▶ **Directions for this task**
Could you give the records below again exactly, without the pictures?

══ Source data ══

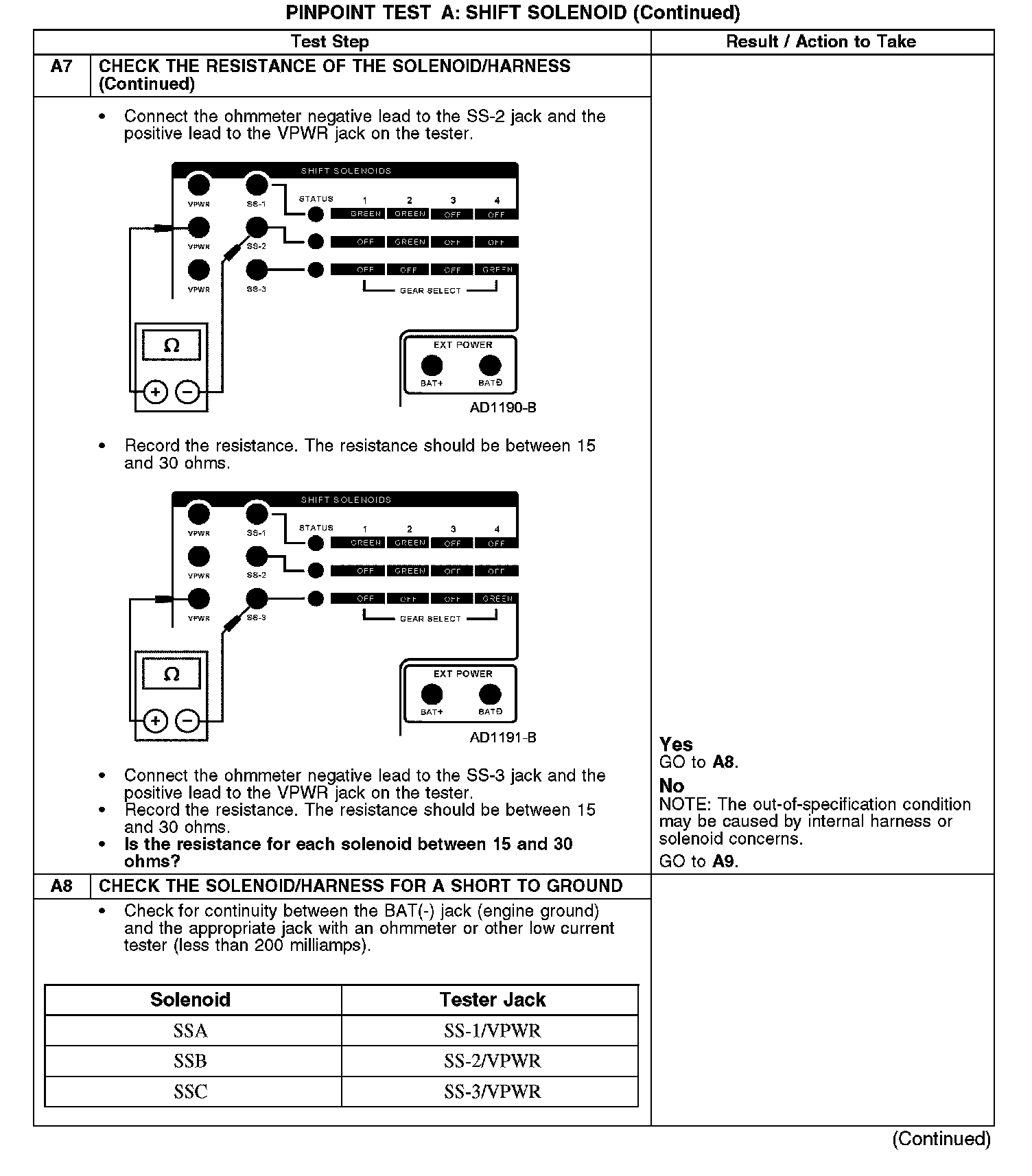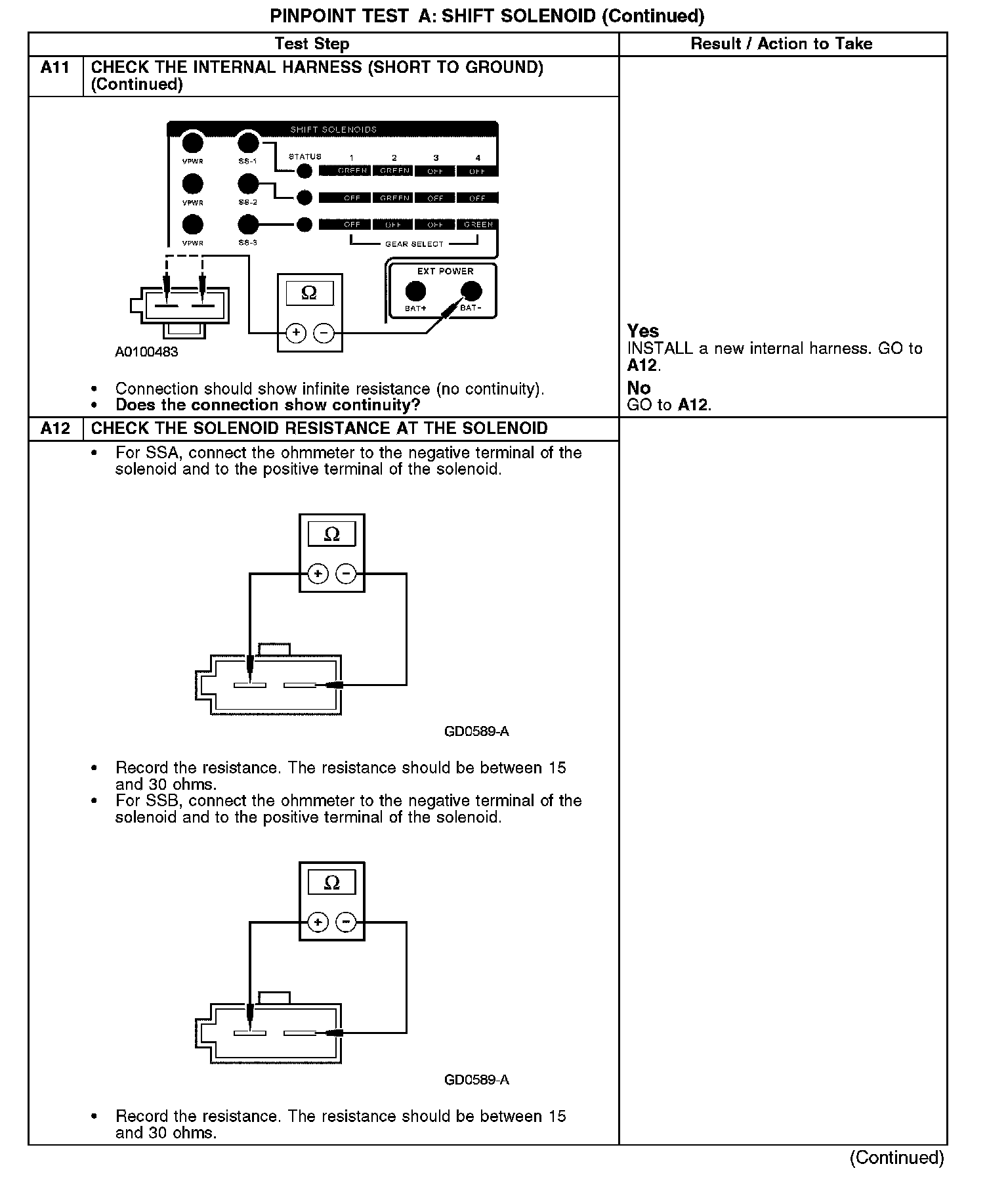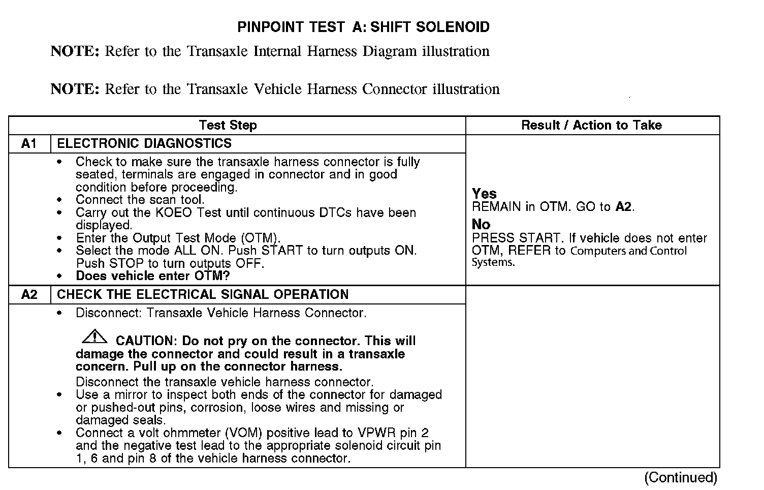 PINPOINT TEST A: SHIFT SOLENOID
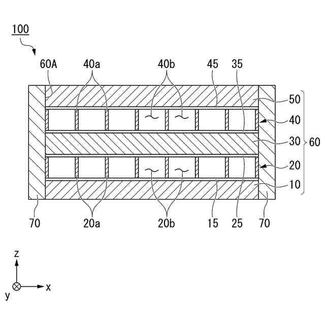 前記積層体の側面に配置して前記積層体の側面を封止する封止材料からなる外枠と、を備え、
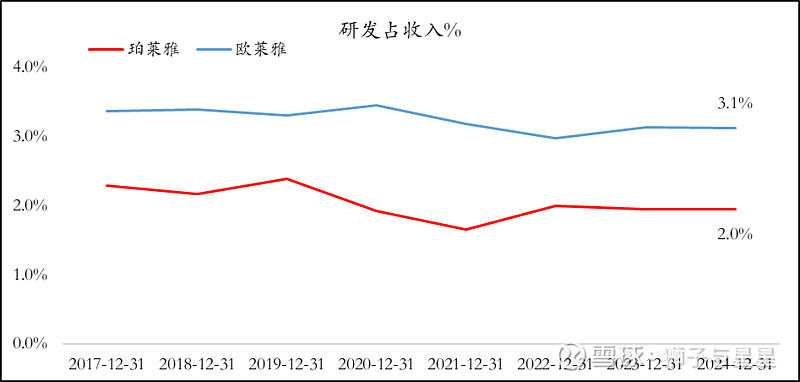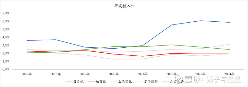 a) 研发投入占收入%,除了贝泰妮高达6%,其他各公司差不多,2024年基本集中在2%-3%;跟销售费用占比40%-50%相比,研发投入占收入比很低
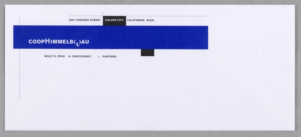 Envelope, Coop Himmelblau Architects; Designed by April Greiman (American, b. 1948); USA; offset lithograph on paper; 10.5 x 24.1 cm (4 1/8 x 9 1/2 in.); Gift of April Greiman; 1995-167-10
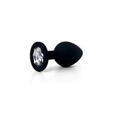 Анальная пробка силиконовая черная с белым кристаллом Fantasy Toys M
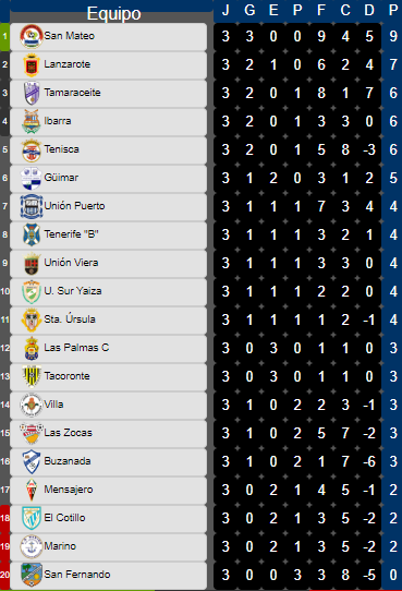 CD Mensajero, Las Palmas C, San Fernando...varios son los candidatos para el ascenso que no han arrancado la competición de la forma deseada. Ninguno de los mencionados ha podido lograr aún la victoria, al igual que un irregular CD Marino, con dos empates y una derrota en su haber. El equipo de Zeben Hernández es penúltimo a pesar de sumar en Tacoronte este domingo.

═══

▶ **Task result**
 PINPOINT TEST A: SHIFT SOLENOID
 前記積層体の側面に配置して前記積層体の側面を封止する封止材料からなる外枠と、を備え、
 a) 研发投入占收入%,除了贝泰妮高达6%,其他各公司差不多,2024年基本集中在2%-3%;跟销售费用占比40%-50%相比,研发投入占收入比很低
 Envelope, Coop Himmelblau Architects; Designed by April Greiman (American, b. 1948); USA; offset lithograph on paper; 10.5 x 24.1 cm (4 1/8 x 9 1/2 in.); Gift of April Greiman; 1995-167-10
 Анальная пробка силиконовая черная с белым кристаллом Fantasy Toys M
 CD Mensajero, Las Palmas C, San Fernando...varios son los candidatos para el ascenso que no han arrancado la competición de la forma deseada. Ninguno de los mencionados ha podido lograr aún la victoria, al igual que un irregular CD Marino, con dos empates y una derrota en su haber. El equipo de Zeben Hernández es penúltimo a pesar de sumar en Tacoronte este domingo.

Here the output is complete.